**Work order**
Every line below should be copied exactly; drop the pictures.

**Dataset content**
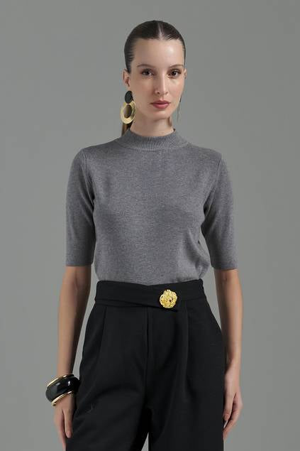A blusa de tricot com gola alta e mangas 3/4 é a tradução da elegância minimalista para o guarda-roupa feminino contemporâneo. Com caimento impecável que valoriza a silhueta, esta peça extremamente versátil transita com sofisticação entre o office look formal com alfaiataria e produções casuais chiques para o dia a dia.
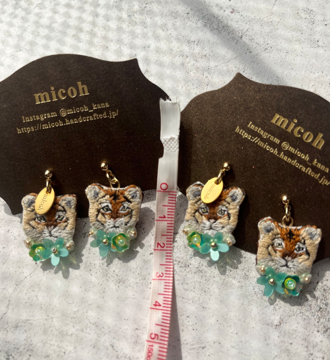 手刺繍で作ったトラモチーフとお花ビーズのピアスです。
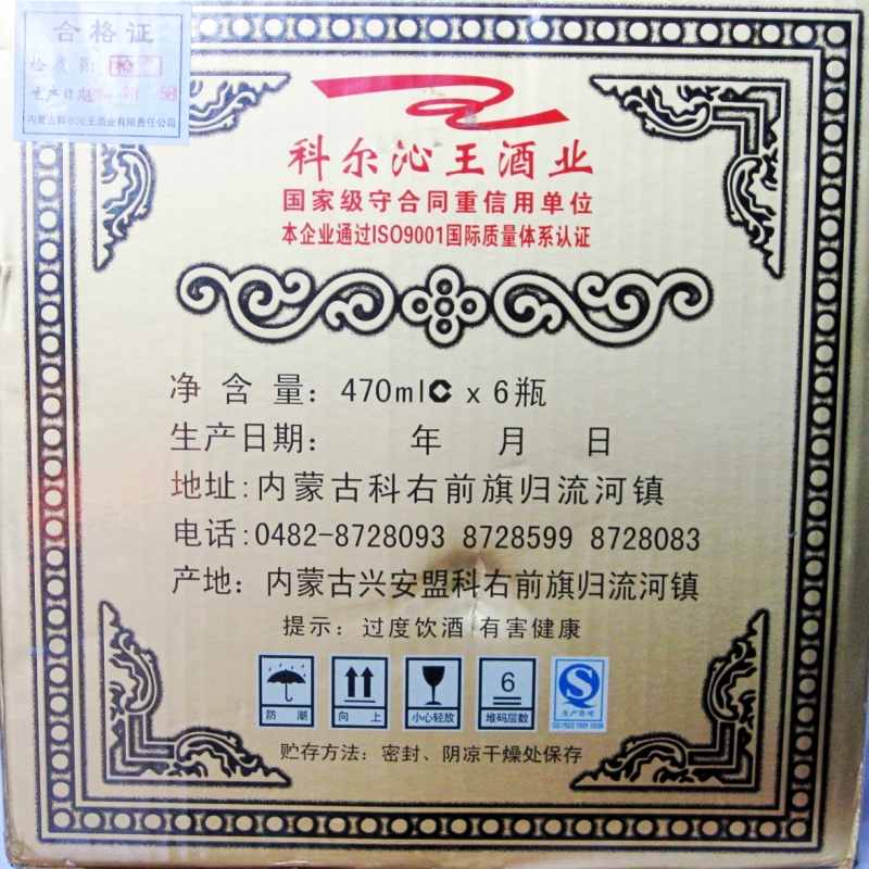 整箱包邮 科尔沁王酒470ml*6瓶/箱 古坛42度53度归流河酒乌兰浩特

**Written reply**
A blusa de tricot com gola alta e mangas 3/4 é a tradução da elegância minimalista para o guarda-roupa feminino contemporâneo. Com caimento impecável que valoriza a silhueta, esta peça extremamente versátil transita com sofisticação entre o office look formal com alfaiataria e produções casuais chiques para o dia a dia.
 手刺繍で作ったトラモチーフとお花ビーズのピアスです。
 整箱包邮 科尔沁王酒470ml*6瓶/箱 古坛42度53度归流河酒乌兰浩特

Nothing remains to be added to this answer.